* [Supplied records]:
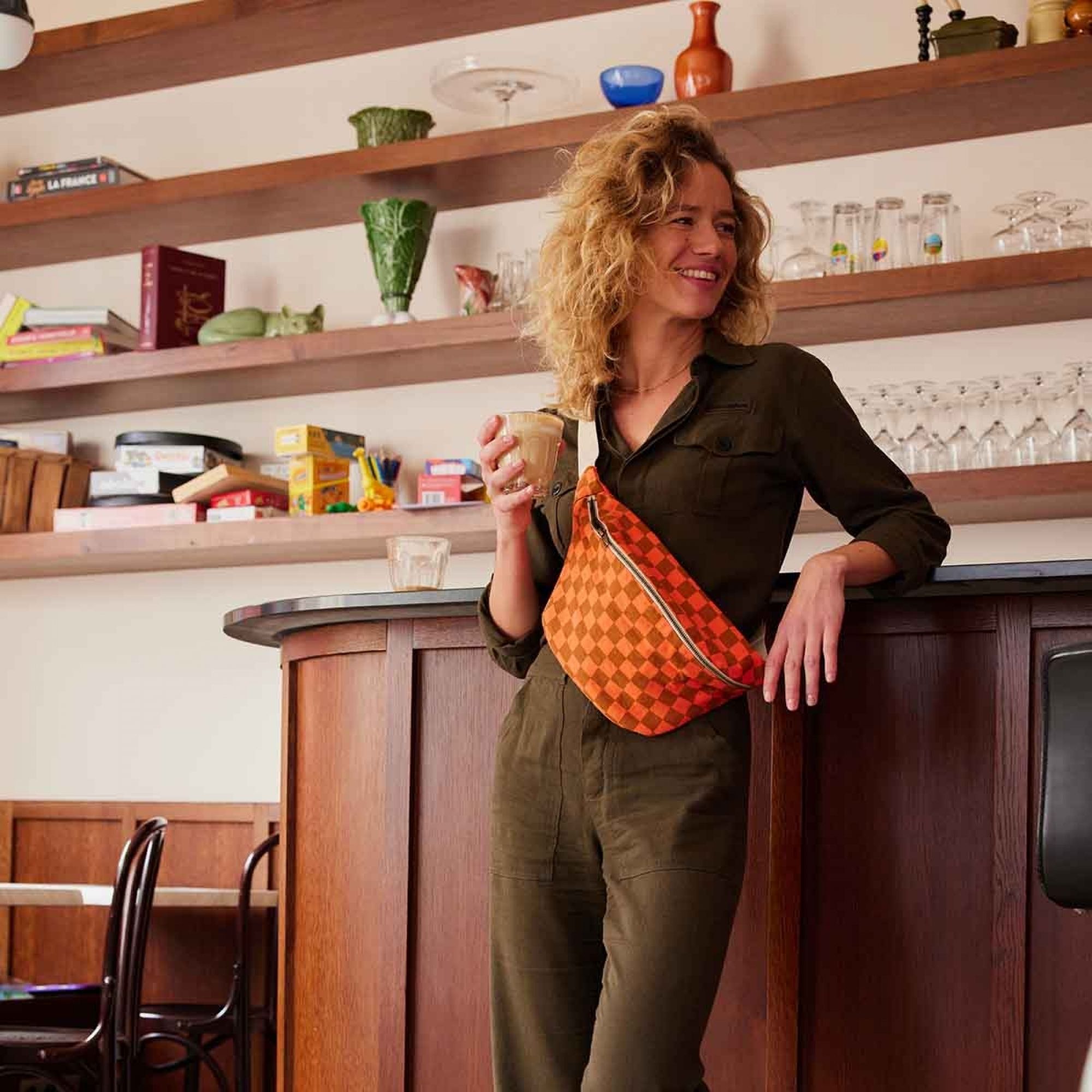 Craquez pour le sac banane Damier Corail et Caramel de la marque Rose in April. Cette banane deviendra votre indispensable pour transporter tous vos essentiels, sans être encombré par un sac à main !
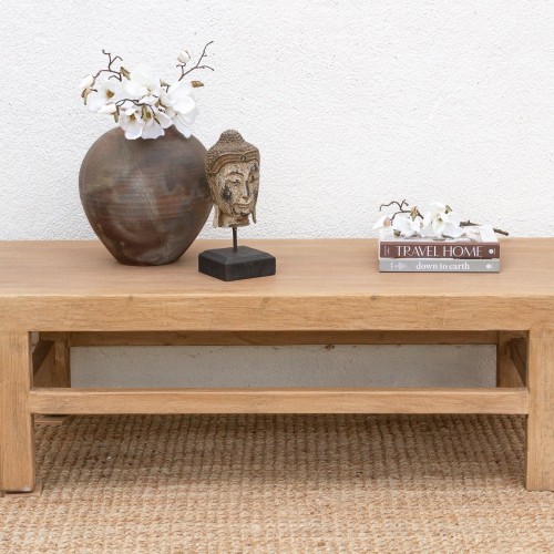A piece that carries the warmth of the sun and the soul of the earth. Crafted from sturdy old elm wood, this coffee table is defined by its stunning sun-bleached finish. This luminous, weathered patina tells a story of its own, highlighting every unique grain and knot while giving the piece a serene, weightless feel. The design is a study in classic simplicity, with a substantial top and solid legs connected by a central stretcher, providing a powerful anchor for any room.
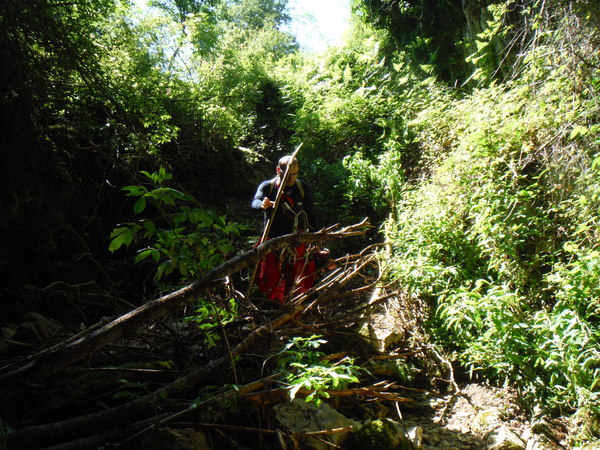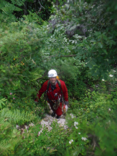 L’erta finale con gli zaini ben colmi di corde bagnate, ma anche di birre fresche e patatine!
* * *
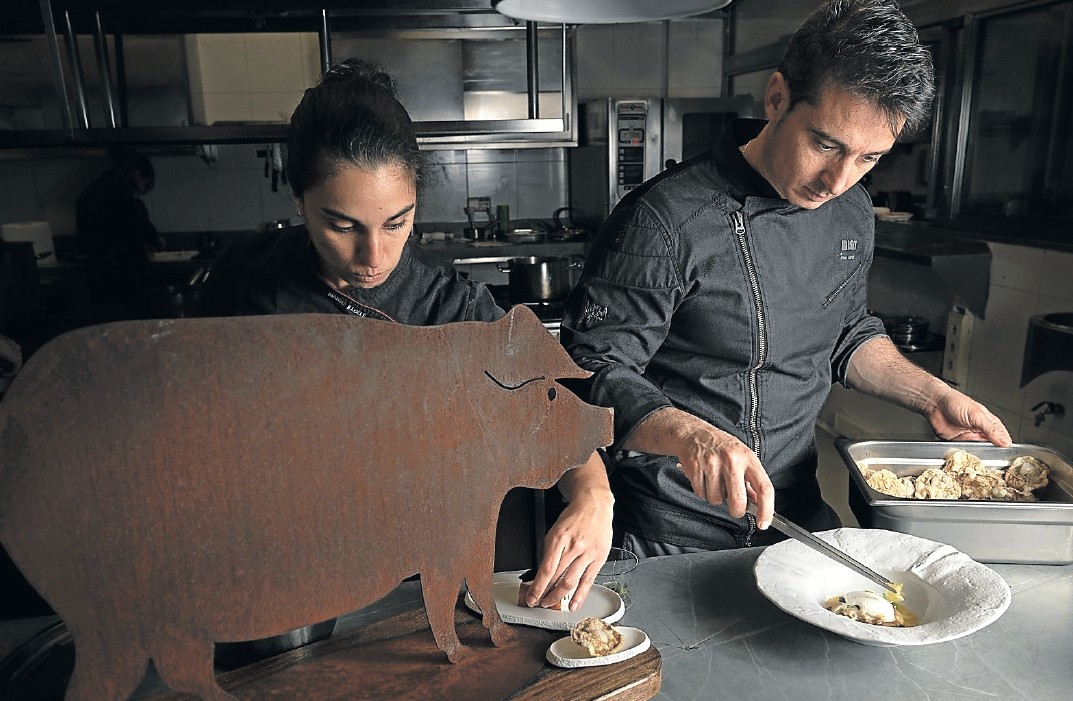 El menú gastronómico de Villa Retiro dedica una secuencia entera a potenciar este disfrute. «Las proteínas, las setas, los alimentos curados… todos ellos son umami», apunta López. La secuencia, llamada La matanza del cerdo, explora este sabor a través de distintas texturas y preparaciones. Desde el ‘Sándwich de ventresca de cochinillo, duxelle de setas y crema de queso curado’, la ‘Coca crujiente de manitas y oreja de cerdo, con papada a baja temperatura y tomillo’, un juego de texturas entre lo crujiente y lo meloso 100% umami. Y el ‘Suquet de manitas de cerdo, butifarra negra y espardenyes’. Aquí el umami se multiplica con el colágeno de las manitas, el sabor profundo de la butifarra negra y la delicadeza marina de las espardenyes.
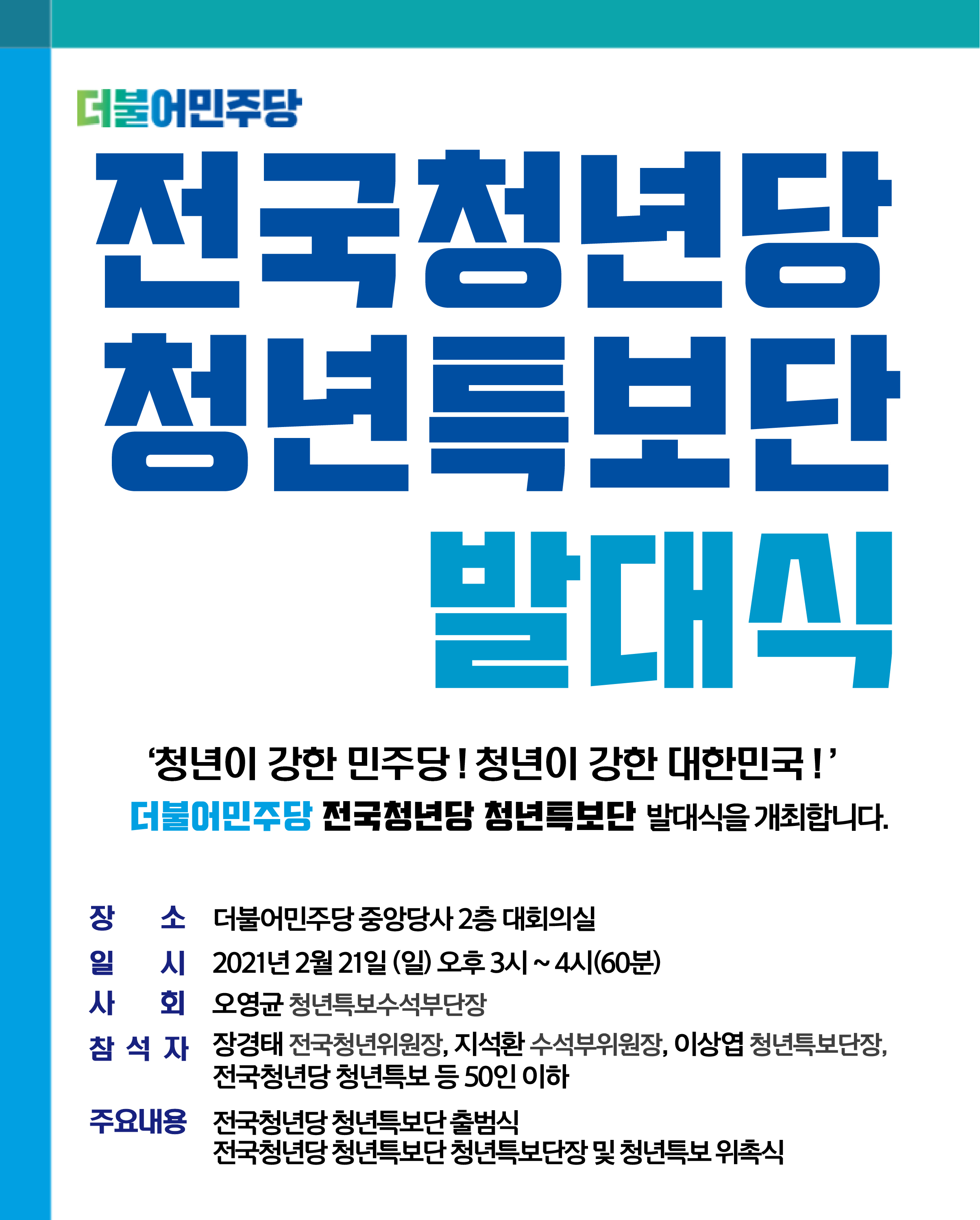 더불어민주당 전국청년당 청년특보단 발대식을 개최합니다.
---
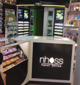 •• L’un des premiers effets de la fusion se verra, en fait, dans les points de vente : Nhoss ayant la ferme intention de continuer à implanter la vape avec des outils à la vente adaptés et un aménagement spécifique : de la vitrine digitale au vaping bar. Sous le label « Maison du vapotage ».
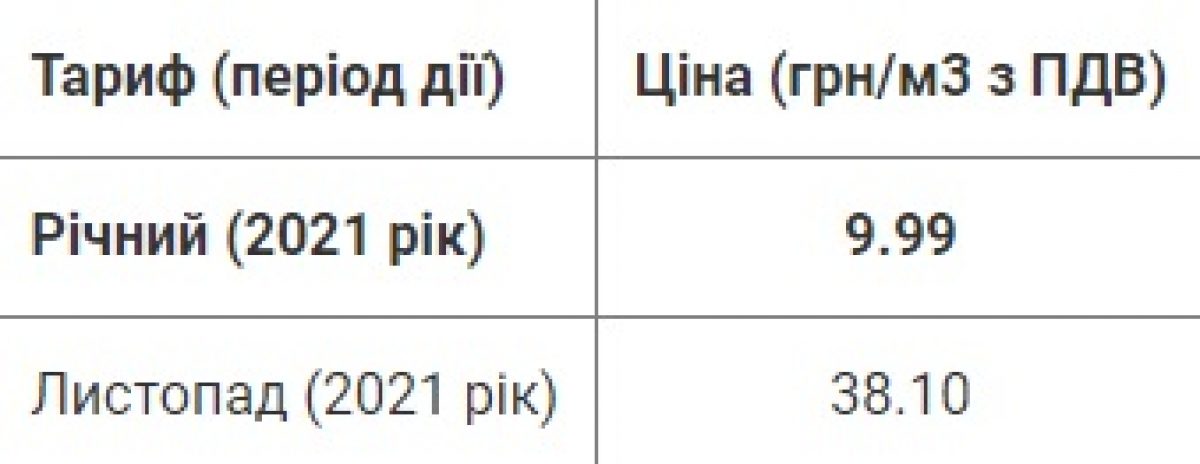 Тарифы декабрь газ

* [Assigned task]:
A word-for-word reproduction is needed of the lines above from the line containing "Craquez pour le" through the line containing "L’erta finale con", with both ends kept and no pictures.

* [Exercise response]:
 Craquez pour le sac banane Damier Corail et Caramel de la marque Rose in April. Cette banane deviendra votre indispensable pour transporter tous vos essentiels, sans être encombré par un sac à main !
A piece that carries the warmth of the sun and the soul of the earth. Crafted from sturdy old elm wood, this coffee table is defined by its stunning sun-bleached finish. This luminous, weathered patina tells a story of its own, highlighting every unique grain and knot while giving the piece a serene, weightless feel. The design is a study in classic simplicity, with a substantial top and solid legs connected by a central stretcher, providing a powerful anchor for any room.
 L’erta finale con gli zaini ben colmi di corde bagnate, ma anche di birre fresche e patatine!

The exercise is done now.